• [Exercise instructions]: Exactly reproduce the line containing "Портрет известного казахстанского" and all later lines to the end of the entries, leaving the pictures out of your copy.

---*---

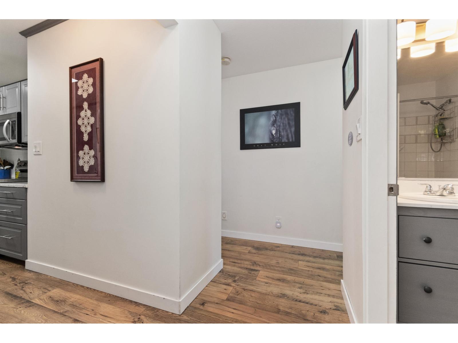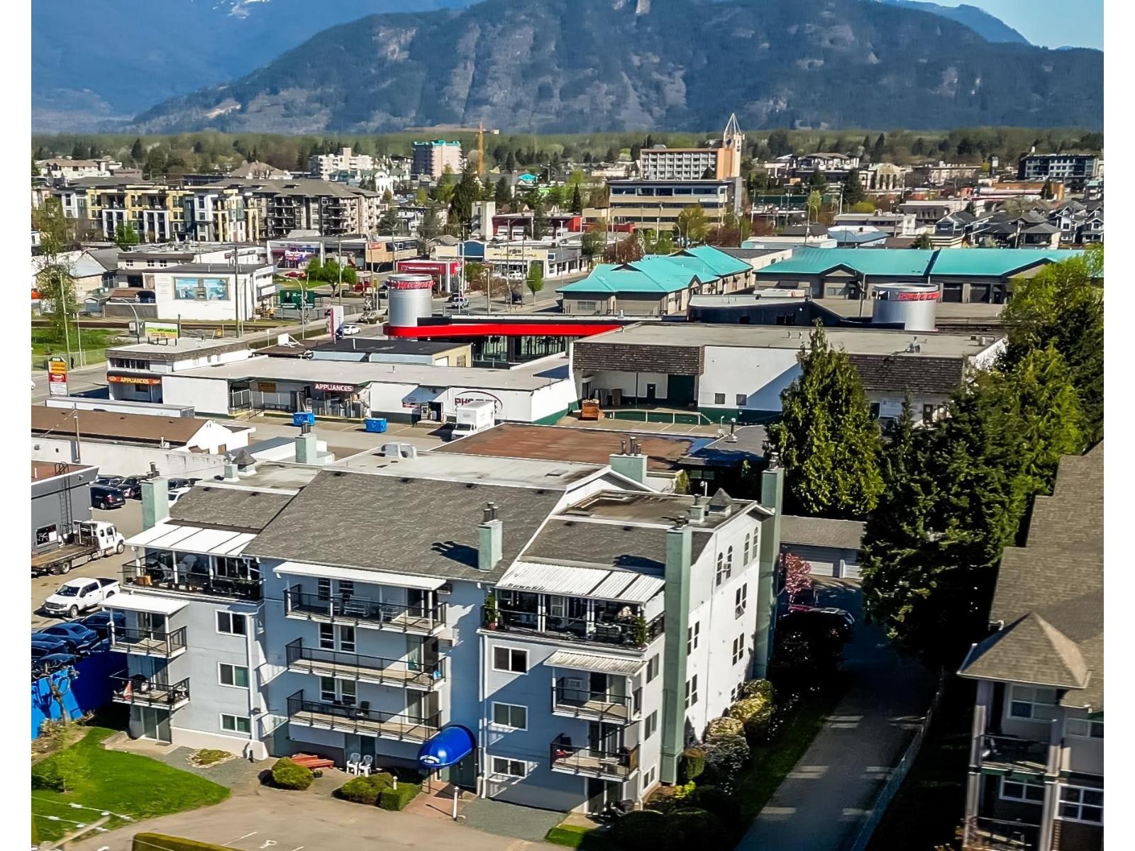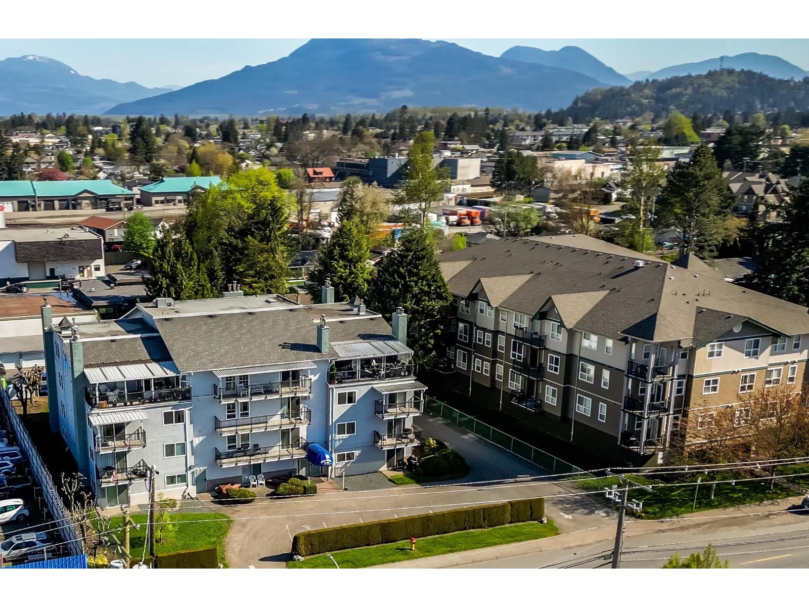 Welcome to 'HAZELDENE", a small 21 unit, well run strata. Spacious & BRIGHT 1240 sq ft., 2 bed/2 full bath TOP FLOOR CORNER unit. Lots of outdoor living space w/MOUNTAIN views from MASSIVE north & south facing covered BALCONIES. Living rm features cozy, updated gas fireplace, corner windows. Dining rm w/walkout to covered SOLARIUM w/wet bar. Huge PRIMARY boasts walk-in closet & 4pc ensuite w/dual sinks, sep shower. 2nd bdrm is also a generous size. Lots of updates incl. paint, kitchen w/newer SS appliances, carpet. Heat pump (AC/heat), hot water tank & gas FP 2022; waterproof wide-plank laminate 2025. Lots of storage. 1 covered parking, extra pkg subj to avail. All AGES & RENTALS welcome. NO PETS. Great location close to DISTRICT 1881. Perfect for 1st-time buyers, downsizers. (id:64528)
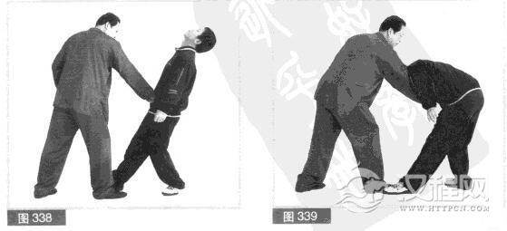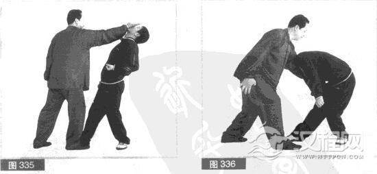 (4)对方速向后仰头躲闪我拍打,同时用左拳向上迎架我右手。趁对方下身前突之际,我用左手快速向前撩抓对方档部。(图336)
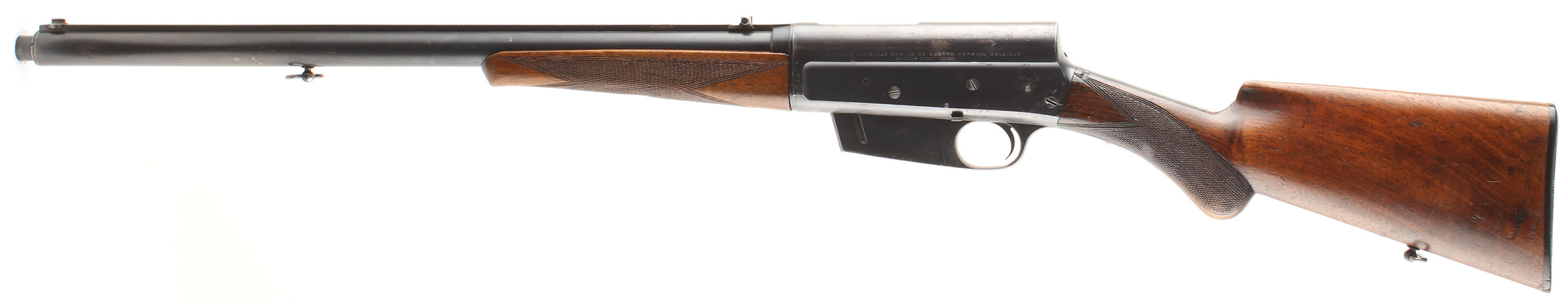 RARE FN (Fabrique Nationale), Model 1900, .35 Rem Cal., MFG. 1910-36, SN: 121, Semi-Auto Rifle, 22'' barrel, In Belgium it was known as ''La Carabine Automatique Browning'', in Germany it was the ''Selbstladebchse Browning Kaliber 9mm'', but in the U.S. we know it simply as the F.N. 1900. Records indicate only 4,913 Modele 1900's were ever produced. While records indicate 2909 rifles were produced for the years 1910-21, with no allocation to a particular year during that time, it is very likely that SN 121 is a first year production rifle. This rifle, invented by John Browning, was one of Europe's first successful semi auto high-power rifle. FN obtained the rights to produce the rifle as early as 1902, however, they chose to focus their production efforts on the A5 shotgun, which they acquired production rights to at the same time. They correctly viewed greater consumer sales potential in the A5. By 1904 restrictive importation tariffs into the U.S. caused Browning to negotiate with FN to allow manufacture of his shotgun within the U.S. The Remington Arms Co. was eager to work with John Browning & acquire the rights to manufacture both his autoloading shotgun & his autoloading rifle. FN was first to introduce the long-recoil shotgun (A5), but it was Remington that first produced John Browning's long-recoil rifle in 1906, dubbed the ''Autoloading Rifle'' or more commonly known today as the Model 8. If the Remington Model 8 is the grandfather of American semi-automatic sporting rifles, the F.N. 1900 is its European twin. The FN model 1900 was marketed throughout the world except the U.S., while the model 8 was intended for the U.S. market. Production comparisons place the model 8 at around 70,000, nearly a 14 to 1 difference in total FN production. Since the FN was not sold in the U.S. market, few examples of the limited 4913 total produced are found amongst collectors in the U.S. It is known that some were vet bring-backs from two World Wars & at least a few were imported by John & his son Val Browning into the US. Since the FN was exported to Canada, some have made their way south of the border. Regardless of how they arrived, they are rare & very desired amongst John Browning, FN & Remington 8 & 81 collectors. Produced with old-world craftsmanship, these rifles are a testament to Fabrique Nationales world-wide reputation for manufacturing high quality firearms. It doesn't take long to notice there were probably more hours of labor involved in producing the FN over the Remington. A close inspection & disassembly of both rifles will reveal a significantly superior fit & finish with the Belgium made version, even over early production Model 8's. The FN came in two versions, neither of which were a higher grade than the other. One version had a standard barrel jacket like the Model 8, the other a solid barrel rib running the length of the jacket, which is the case with this example. These take-down rifles were often broken down into the 22'' & 20'' halves & placed into travel cases for train rides into the countryside for hunting. The rifle has an English walnut round knob pistol grip stock & schnabel tip forend. Hand cut factory checkering is 20 lines-per-inch, with the early 1st style 6 point forearm checkering pattern. All hand fit & assembled, to that point stocks do not always interchange one rifle to another & factory LOP can vary by as much as a full inch. LOP on this rifle is 13 7/8''. The stocks original condition is very good, with honest use wear & some thinning to the original finish. The finish has darkened a bit in areas of the stock, with some smoothing to the points of the hand cut checkering. There are also minor to small handling scuffs, scratches & contusions. The barrel carries a solid matted rib, which carries the front & rear sights. The rear sight is the original two position flip sight, but it has been moved rearward towards the receiver approximately 2'' & a blank fills the original dovetail. The original metal blue finish rates 85% on the barrel, 75% on the receiver, with blue thinning most on the magazine. There is spotting & some cleaned light pitting or abrasions mostly found on the left side of receiver & mag. There is also a dent on the bottom of the magazine, along with some abrasions. The left side of the receiver carries the factory roll stamp & proof markings. Matching SN's on the receiver, barrel, side of lower tang, bottom channel of stock & inside of forend. Bore is excellent & bright. The stock carries the early FN serrated buttplate, with some minor edge chipping. Factory sling loops. Tight action & all appears to function as it should. Overall, the rifle has a very nice vintage & original appearance, which is highly collectible as a rare & early 1st year production rifle. FFL or C&R Req. - Value: 3000 to 4500
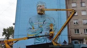 Портрет известного казахстанского спортсмена, олимпийского чемпиона Александра Винокурова нарисовали художники из Санкт-Петербурга...
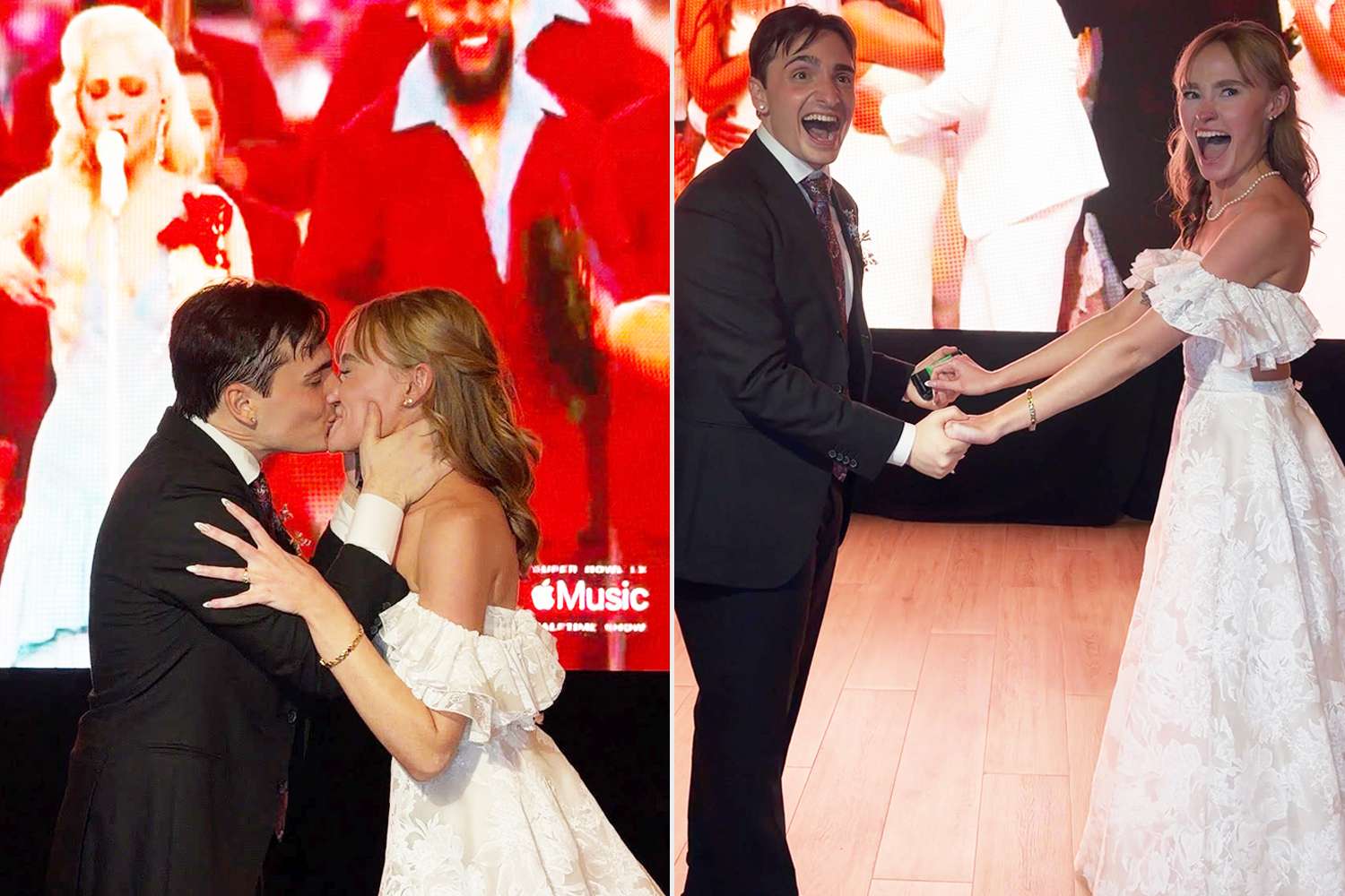 "There was no way we could’ve ever predicted that, and our faces show it," she says. "Our guests also went insane when they realized what was happening onscreen. After so much back-and-forth on whether our wedding date and halftime show streaming was the right choice, it felt like divine timing. It’s only been made better by knowing that the marriage onscreen was real — congratulations to the happy couple!”

---*---

• [Response area]:
 Портрет известного казахстанского спортсмена, олимпийского чемпиона Александра Винокурова нарисовали художники из Санкт-Петербурга...
 "There was no way we could’ve ever predicted that, and our faces show it," she says. "Our guests also went insane when they realized what was happening onscreen. After so much back-and-forth on whether our wedding date and halftime show streaming was the right choice, it felt like divine timing. It’s only been made better by knowing that the marriage onscreen was real — congratulations to the happy couple!”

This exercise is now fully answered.